Шрифт:
За размышлениями этими, которыми ей страсть как хотелось поделиться, она не вдруг заметила, что одна из соседок обращается к ней, о чём-то спрашивает.
— Я грю, — она тронула Пелагею за рукав, — когда на новоселье-то позовёшь?
Но и теперь Пелагея не поняла, о чём это она. В самом деле, о каком новоселье спрашивают, ведь года три назад, если ей память не изменяет, Фёдор с Клавдией своё новоселье, слава богу, уже справили.
А та опять за своё:
— Да будет тебе, старая! Как и не знаешь ничего. Весь дом знает, а она нет. Ох, старая, тоже видно хитра. Под одну гармошку, видать, с молодыми своими приплясываешь. — Соседка укоризненно покачала головой, но другая её урезонила:
— Да погоди ты, может, зря напраслину-то возводишь. Может, она-то и ни при чём, откуда ей знать. Может, они и её вокруг пальца…
Нет, ничего не понимала Пелагея, хоть убей. Только тревожно, стыло сделалось на душе. И голова пошла кругом. Хотелось встать и уйти, да ноги, чуяла она, двигаться не желали. Тут и соседки поняли: не притворяется она. Внесли ясность.
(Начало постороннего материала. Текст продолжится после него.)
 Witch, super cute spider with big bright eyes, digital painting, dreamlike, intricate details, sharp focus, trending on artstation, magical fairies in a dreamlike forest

— Мой-то старший, — зашептала ей первая, — в одном управлении с Фёдором вашим работает. Так вот он и сказывал про его с Клавкой затею… На трёхкомнатную, слышь, метят, в новом доме, в этой уже не умещаются. Ну, а жильца-то одного им не хватало. Вот и выписали тебя из деревни… для этого… для балансу… Вот ведь какие дела. А ты, видать, и не знала?
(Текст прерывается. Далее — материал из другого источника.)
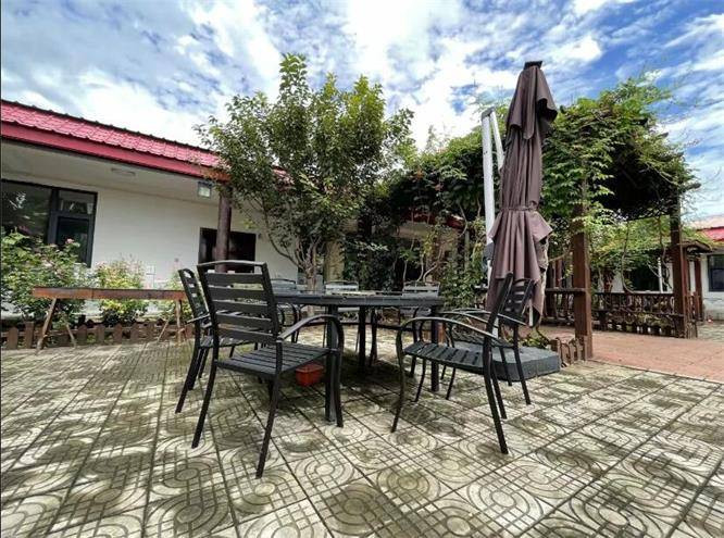 前院有假山,回廊,可以做游戏,乘凉,吃饭,烧烤,烤全羊,烤串。后院有鸡,鸭,鹅和风景秀美的山!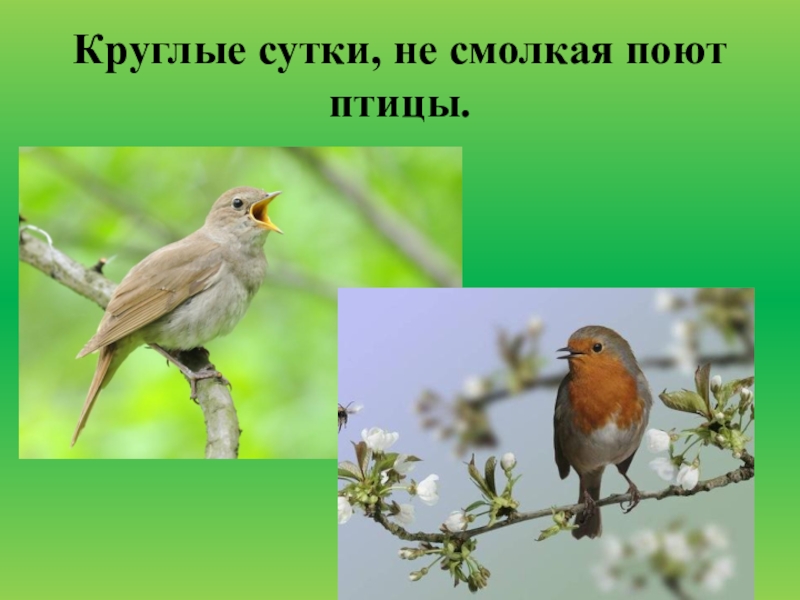 Слайд 18Круглые сутки, не смолкая поют птицы.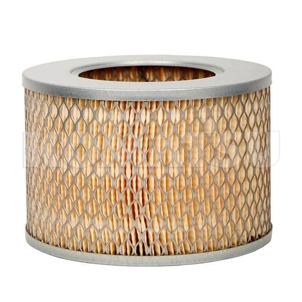 Cylindrical Air Filter with metal mesh exterior and pleated paper element. Designed to trap dust and particles. Weighs 3.72 kg. Suitable for various engine and machine applications.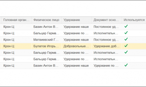 Список плановых удержаний по Сотрудникам — Сотрудник, вид удержания, Дата начала, Дата окончания, Размер.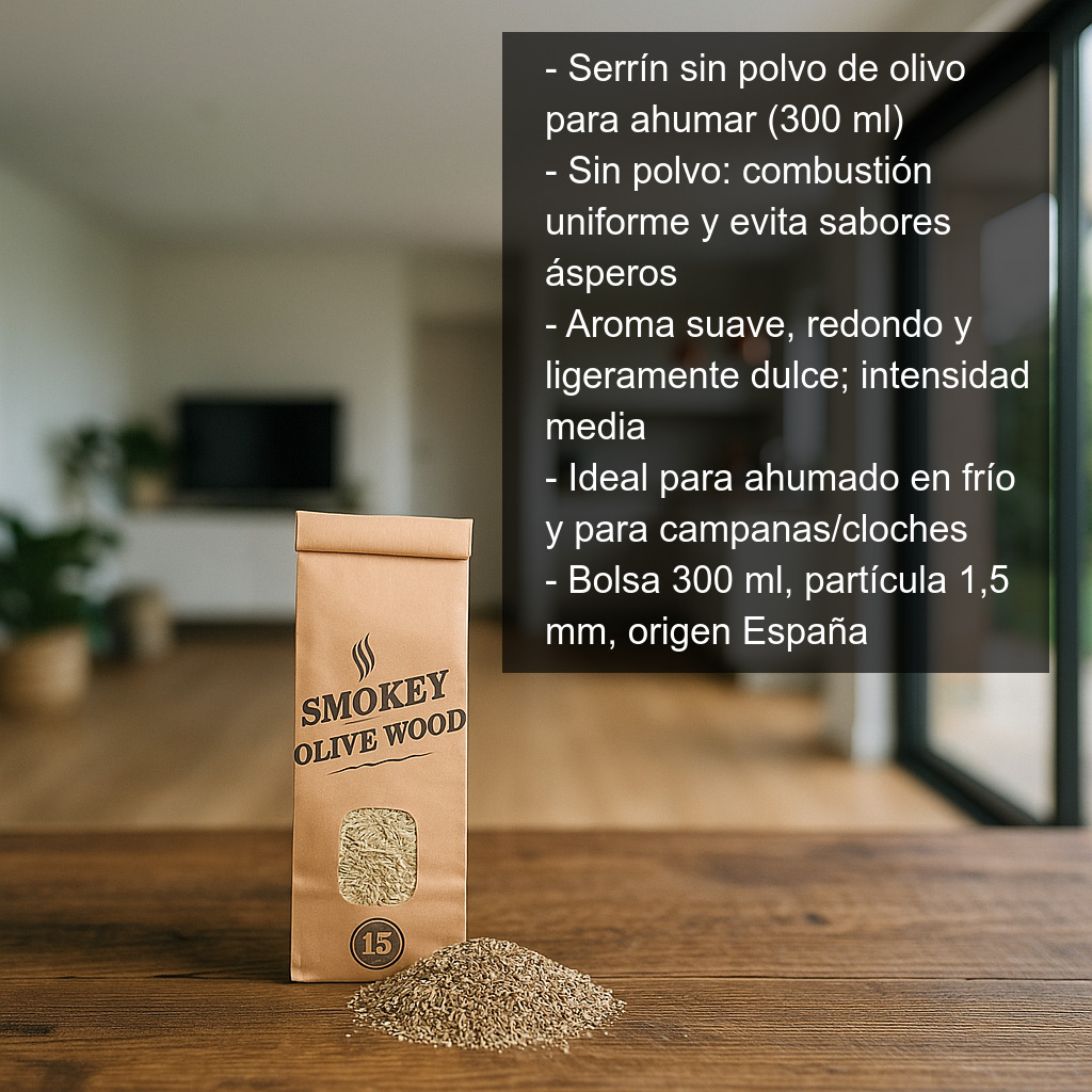El serrín sin polvo de madera de olivo para ahumar (300 ml) es un combustible aromático de madera natural pensado para quienes buscan un ahumado limpio, estable y muy fragante. Al estar libre de polvo, favorece una combustión más uniforme y ayuda a evitar sabores ásperos, aportando un humo denso con el característico aroma suave y mediterráneo del olivo, muy reconocible en elaboraciones tradicionales como los espetos.

Будто на крутую гору поднялась Пелагея в тот вечер на третий этаж, тихонько прошла к себе в комнату и улеглась на кушетку. И до утра пролежала недрёмно.
Мало смысля в хлопотных квартирных делах, она смогла усмотреть, однако, какую-то, пусть не прямую, но косвенную связь между той, давно ожидаемой квартирой, которую, наверное, спит и видит та незнакомая женщина, многодетная мать из третьего блока, и другой, на которую, по словам соседки, метят её дочь с зятем. И что бы ни говорило ей сбитое с толку воображение, сердцем она была не с родными, не с Кланькой, не с Фёдором, а с теми незнакомыми ей людьми, которых она и в глаза ни разу не видела, но чуяла, как нелегко им.
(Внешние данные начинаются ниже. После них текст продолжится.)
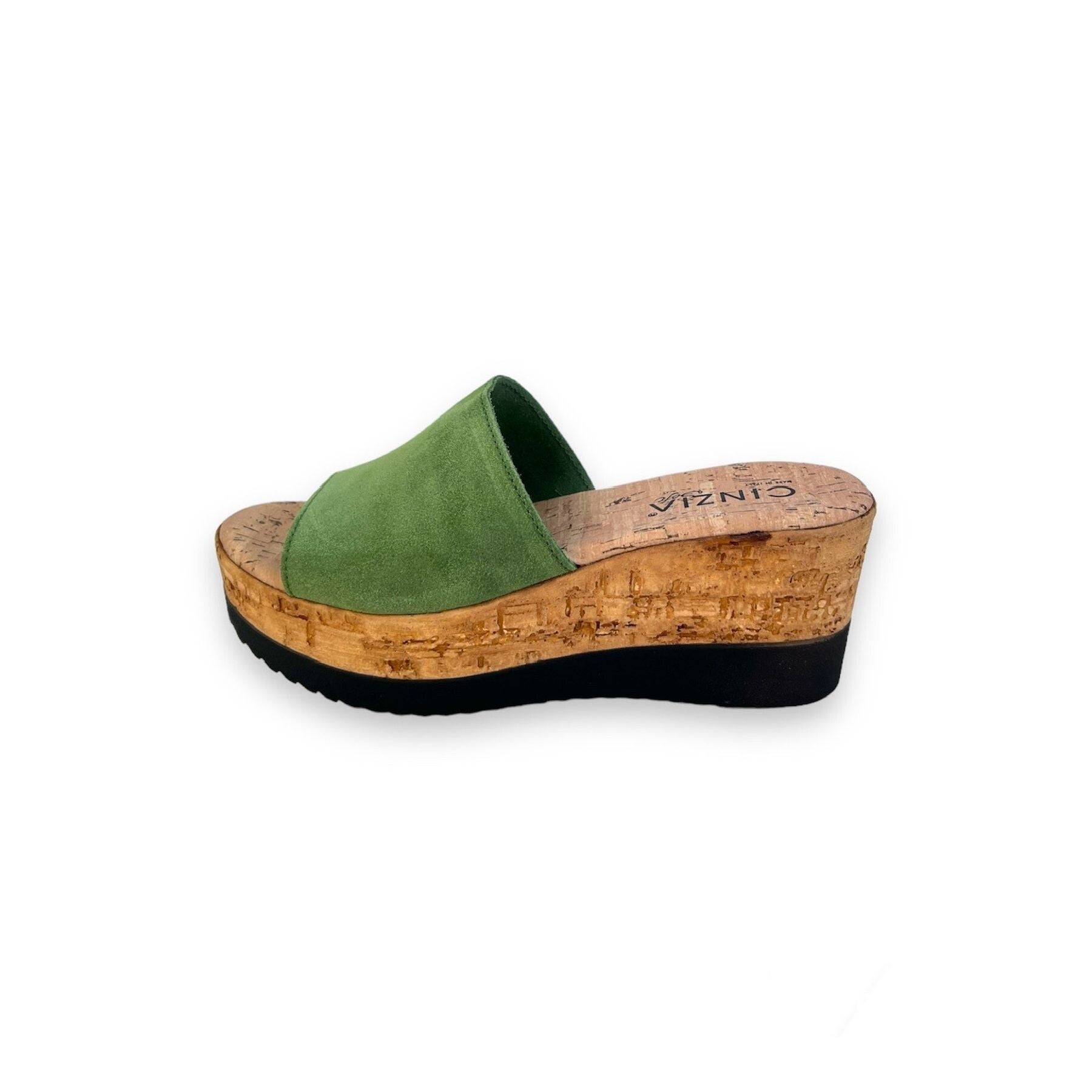Cinzia Soft Sandalo Scalzato in Camoscio Verde o Giallo con Soffice Sottopiede e Zeppa in sughero 7 cm.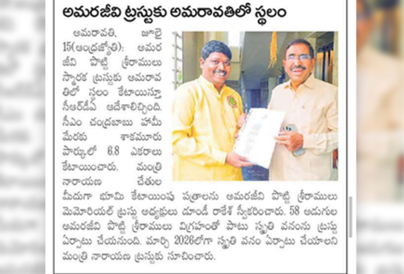 The Andhra Pradesh Government has allocated 6.8 acres in Amaravati for installing a 58-feet bronze statue of Amarajeevi Potti Sreeramulu, honoring his sacrifice for the Telugu-speaking state. The monument will stand as a symbol of unity, pride, and inspiration for generations to come.

И другое она поняла: теперь, как ни кинь, она и сама становилась невольно причастной к тому недоброму обману, к несправедливости, которая творилась рядом и могла случиться не сегодня-завтра. Жить так она не могла, а как надо жить, не знала.
Было воскресенье.
Пелагея проснулась рано, когда тихое утро только зародилось за окном. Лениво урчали голуби на подоконнике. Какое-то время она лежала, не открывая глаз, прислушиваясь к их недовольному бормотанию. Городских голубей она не любила: жадная, ленивая и никчёмная птица. И на старушек сердобольных, случалось, целыми батонами скармливающих этим прожорливым птицам белый хлеб, поглядывала с осуждением, думая не столько об этих птицах, сколько о хлебе: что легко достаётся, то легко и кидается. Но и старушек этих почему-то жалела: сами-то что голуби… От одинокости, от суеты городской к птицам льнут, не на кого, видать, доброту свою тратить.
Рядом, в деревянной кроватке, точно боровок в клетушке, сладко посапывал Мишка. Боясь разжалобиться невзначай, Пелагея наказала себе не думать о нём, взялась настраиваться на другое — на то, о чём вчера сговорилась сама с собой. Оставалось только ждать. И она ждала.
По выходным молодые спали долго. Но вот наконец услышала Пелагея: Фёдор поднялся, заходил за стеной. Потом электробритва его заверещала. Скоро и Клавдия загремела на кухне посудой. Перевалившись со спины на живот, Мишка забормотал что-то спросонья, потом подобрал под себя коленки, поднял попку домиком…
«Эх ты, — не удержала вздоха Пелагея, — золотая моя головушка! Подымался бы поскорей, становился на ноги да не теснил бы, родимой, других, которые рядом по земле ходят».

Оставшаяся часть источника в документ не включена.